AN: Here's May's chapter. Thank Scar for this update! Very appreciative of the brainstorming session! In other news… In case I fail to update… which is likely…I have a birthday coming up in like… 2 weeks OMG I'm getting old… L 21 again. Lol +5
This hasn't been proofread... so I apologize in advance!
Secreta (Secrets)
"Breath, Kagome." Came the smooth baritone of the handsome man clad in a tailored suite that did little to conceal is muscular physique.
"I'm trying to!" The raven haired onna said with a huff as she crossed her arms and dropped her back against the faux leather seat of the smelly taxi.
"There's no need to be nervous. Inuyasha is an imbecile."
Kagome sighed before rolling her eyes then began, "That's not a very nice thing to say. Regardless of your perception of him, he's your family… someone who you deem important enough to introduce me to.
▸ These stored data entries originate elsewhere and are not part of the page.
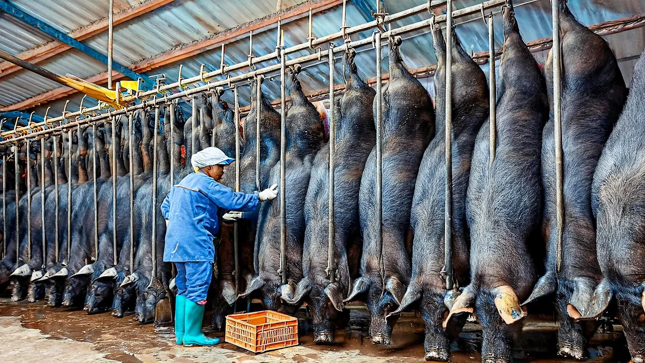 black pigs on farms is also becoming popular to combine Advanced Techniques with the natural advantages of black pig breeds aiming to optimize meat quality and economic efficiency [Music] oh [Music] once they reach maturity whether raised in the wild or on farms the pigs inevitably undergo processing in a factory of course this is also the most crucial stage in understanding why the consumption of black pigs is so high the leg is the most important part for processing salted ham so it is carefully separated to avoid damaging the meat structure [Music] [Music] [Music] [Music] in the first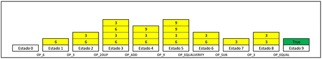 Primero se añade el 2 (OP_2) a la pila, el cual era el operador aportado por el Unlocking Script. Acto seguido se añade de nuevo 2 (OP_2) y se suman ambos valores de la pila (OP_ADD). Después se añade 4 (OP_4) y finalmente se comparan si los dos elementos de arriba de la pila son iguales (OP_EQUAL). De ser así, este operador eliminará esos dos elementos superiores de la pila y añadirá "True" al stack, confirmando que la validación del script ha sido exitosa.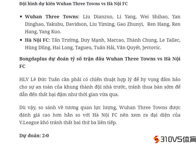 他们并不看好越南卫冕亚军河内FC队,以为武汉三镇很能够拿到成功。该网站,甚至预测了双方的出场阵容。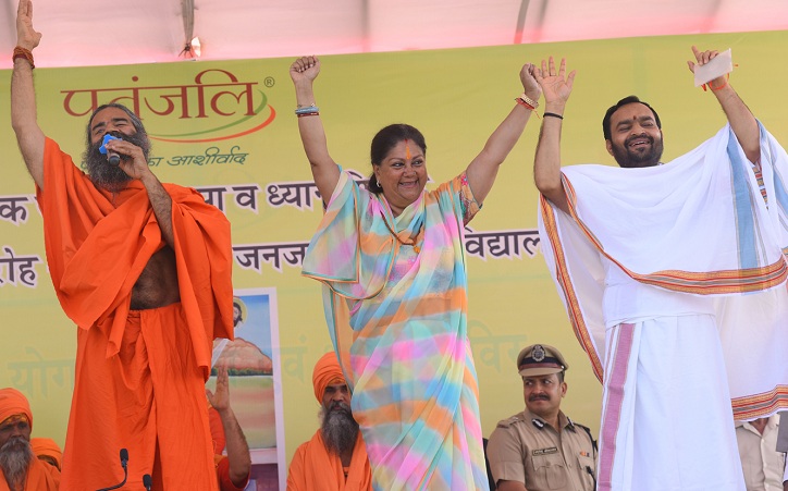 बांसवाड़ा. मुख्यमंत्री वसुन्धरा राजे ने कहा कि राजस्थान ने योग को अपनाकर स्वस्थ जीवन के रास्ते पर चलने का काम शुरू कर दिया है। पूरे प्रदेश में बड़ी संख्या में लोग योग करने लगे हैं। उन्होंने कहा कि योग देश-दुनिया में जिस तरीके से अब फैला है उसका श्रेय स्वामी रामदेव को जाता है। राजे गुरुवार को बासंवाड़ा में गोविंद गुरु जनजातीय विश्वविद्यालय के भवन के शिलान्यास के अवसर पर आयोजित कार्यक्रम में बोल रही थीं। इस दौरान उन्होंने पतंजलि योग पीठ द्वारा आयोजित निःशुल्क योग चिकित्सा एवं ध्यान शिविर में हिस्सा लिया। मुख्यमंत्री ने कहा कि योग जैसी स्वास्थ्य बढ़ाने वाली जिस परम्परा और प्रक्रिया को हम भूल गए थे, आज उसका लोहा पूरी दुनिया मानती है। उन्होंने कहा कि स्वामी रामदेव ने इसको दूर तक ले जाने का काम किया है।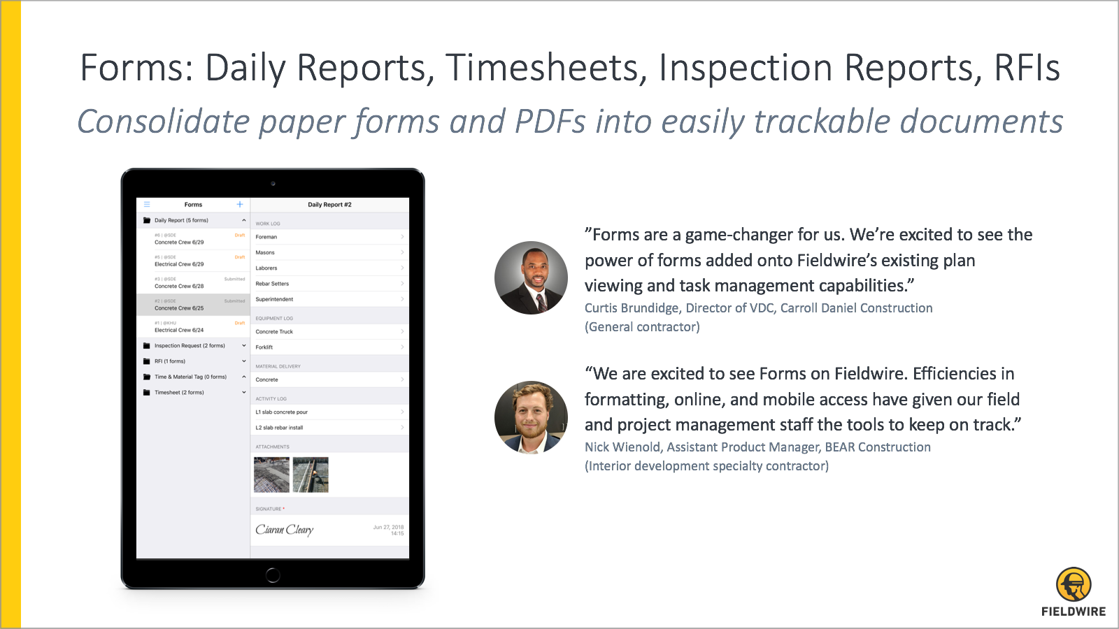 When you use Forms in Fieldwire, all of your major disparate paper forms get consolidated into our easy-to-use platform. They’re now easier to complete, and you get all the benefits of our transparent tracking of who did what, when, and why. Our webinar on August 8th with Stéphane Denerolle, the Director of Product Management for forms, will walk you through the new solution.
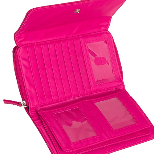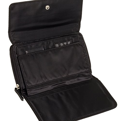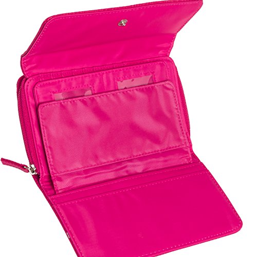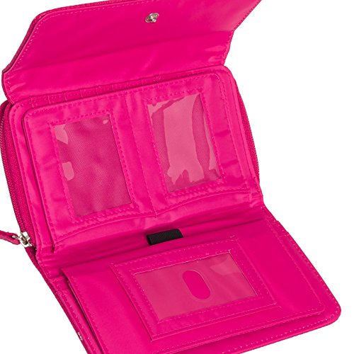 -. Feature : Built-in RFID blocking protection that will shield your credit card, passport, and driver's license information from being pulled or even deleted by electronic thieves / Interior features 8 credit card slots, 5 ID/ photo windows, 2 checkbook sized slip pockets, and a pen loop / Exterior slip pocket and zip pocket allows for additional, easily accessed storage / Snap closure keeps all the important things safe and sound / Measures 7.5" x 4.75" x 1.75"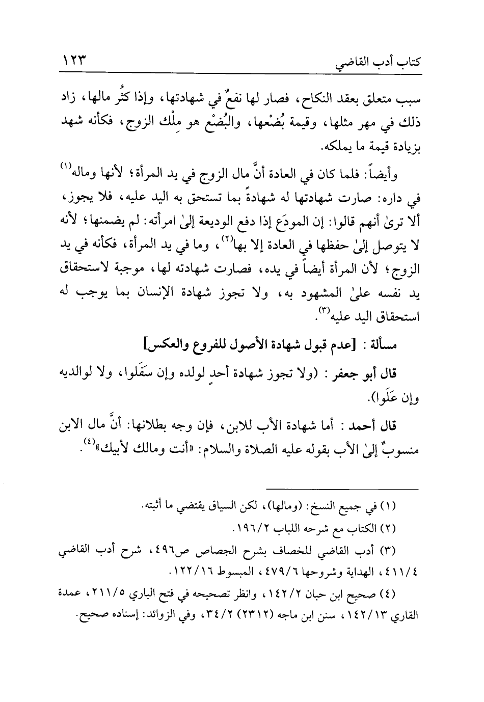 قال أحمد: أما شهادة الأب للابن، فإن وجه بطلانها: أن مال الابن منسوب إلى الأب بقوله عليه الصلاة والسلام: "أنت ومالك لأبيك".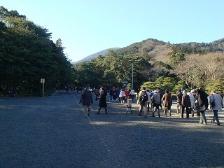 参道では 参拝が近道にならないように外側にある右側を歩きます。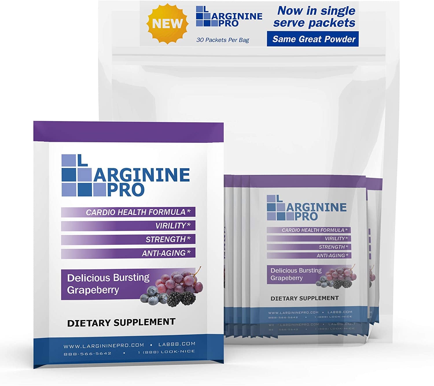 L-ARGININE PRO Supplement On-The-Go Single Serve Travel Packets - 5,500Mg of L-Arginine plus 1,100Mg L-Citrulline (Grape Berry, 30 Packets)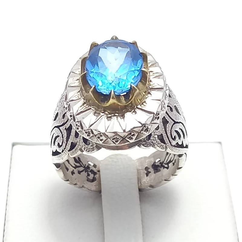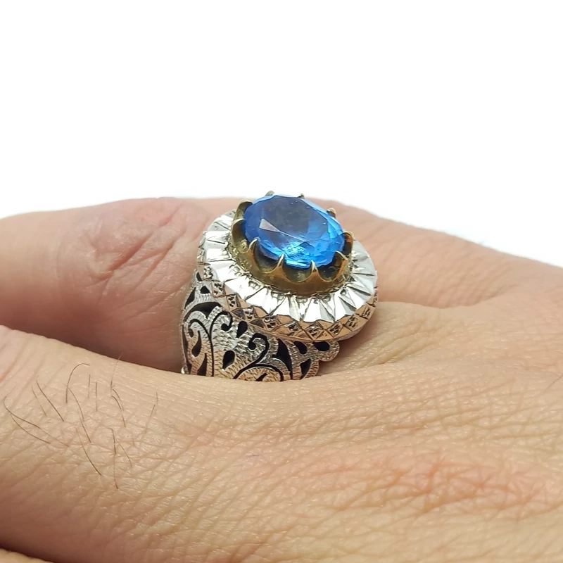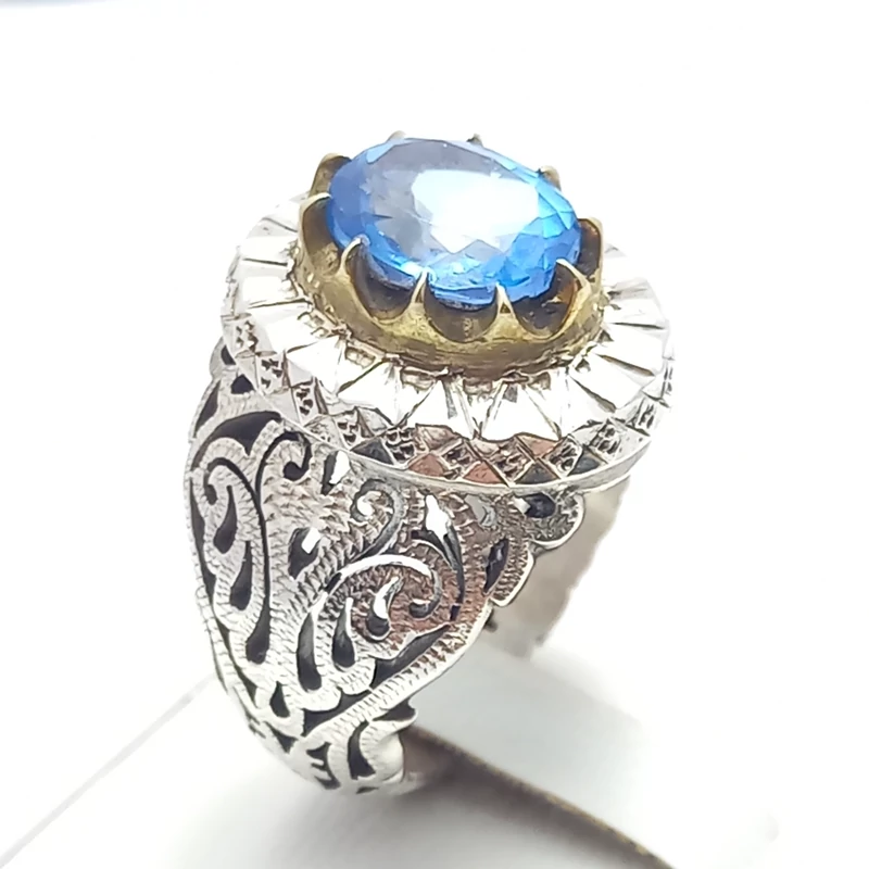 انگشتر نقره رکاب دست ساز مردانه همراه با توپاز اصل 1

I get to be a little nervous." She finished.
"Let me take your mind off of things then." Sesshoumaru said while leaning over her petite frame, caging her between his arms."
"Didn't you say Inu have superior senses of smell?" Kagome barely spoke as her eye lashes fluttered against her cheeks and her breathing hitched in anticipation for his kiss.
"Hn… he's only half… his senses are dulled in comparison to my own." Sesshoumaru half lied as his hand made its way up her thigh and under her black cocktail dress.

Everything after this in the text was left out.